The amount of divergence between C. sarda and C. balearica is quite high for populations separated by only a few hundreds of kilometres and greater than the divergence between other sister species within the Curruca genus (e.g. C. crassirostris and C. hortensis; Voelker and Light 2011). The genetic distance calculated between C. sarda and C. undata on COI marker (4.75%) was similar to that detected between C. sarda and C. balearica (5.8%), while the genetic distance between Dartford Warbler C. undata and C. balearica (3.51%) showed smaller values; this evidence supports previous conclusions that C. undata and C. balearica would be regarded as sister species (Voelker and Light 2011). Similar results were found by Cai et al. (2019) in a multi-locus phylogeny of babblers, confirming the paraphyly of C. sarda as a traditionally defined polytypic species including C. balearica as a subspecies and reinforcing the need for treating C. sarda and C. balearica as distinct species. Overall, the huge genetic differences found between C. sarda and C. balearica suggest a long-term interruption of gene flow between their populations; a similar pattern was found by Pons et al. (2016) between continental and insular populations of Muscicapa (M. striata vs M. tyhrrenica) and, in a striking parallel with our case study, between Muscicapa tyrrhenica thyrrenica (inhabiting Corsica and Sardinia) and M. t. balearica (Balearic Islands); in both these cases the Mediterranean islands seem to have played an important role in taxa isolation and differentiation.

Our results clearly indicate the existence of two different and independent genetic characters (nuclear and mitochondrial markers) which allow to distinguish between C. sarda and C. balearica individuals; the two taxa may, therefore, be considered “full” species when strictly applying the original Phylogenetic Species Concept (Cracraft 1983). Moreover, these genetic differences are supported by divergences in vocalizations, biometry, plumage and bare-parts colouration (detailed in Shirihai et al. 2001). The existence of multiple independent traits allowing the recognition of two or more taxa (or Operational Taxonomic Units) is considered a solid criterion of species delimitation according to the paradigm of “integrative taxonomy” (Padial et al. 2010; Schlick-Steiner et al. 2010; Galimberti et al. 2012). On the whole, the present study improves our knowledge on two Mediterranean birds, allowing to recognize two taxa as two distinct species. It would be worth exploring, in the near future, other interesting biological attributes of the two species, in particular ecological needs and possible competition with other warbler species within the Mediterranean region. Moreover, detailed monitoring and estimates of population size of these species endemic to Mediterranean islands are needed to assess their conservation status and evaluate potential threats for their long-term survival. Indeed, small and isolated island populations may be at immediate risk of local extinction arising from stochastic environmental events and the adverse genetic effects deriving from inbreeding (as observed in different avian species, e.g. Pertoldi et al. 2012; Andersen et al. 2017; Kangas et al. 2018).

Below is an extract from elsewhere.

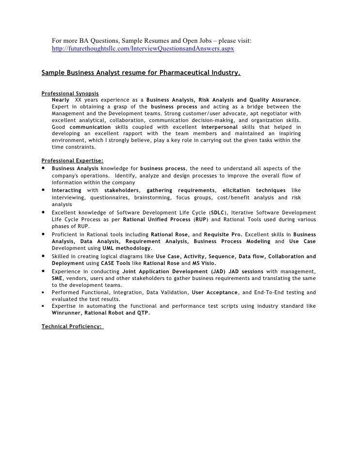Business Analyst Sample Resume For Pharmaceutical Companies

Since several Mediterranean ecosystems are at risk because of land-use change, urbanization, fragmentation and recurrent fires, it is essential to consider shared and island-specific threats to these endemic species characterized by such a very restricted distribution. In particular, C. balearica is sedentary and endemic to the Balearic Islands, excluding Menorca; recently, the im**ing touristic development has been identified as a cause of disturbance and decline for birds and other vertebrate populations on these islands (Krawczyk et al. 2019). Recognizing C. balearica as a distinct species should call for special protection measures for this separate conservation unit. C. sarda has also a rather restricted range limited to Sardinia, Corsica and some little islands off Western Italy (plus small wintering areas in north Africa and Sicily; Shirihai et al. 2001) and is potentially vulnerable to the same threats affecting C. balearica. Moreover, both species could be subject to the negative effects of climate changes because of their restricted range and mostly insular distribution (Doswald et al. 2009).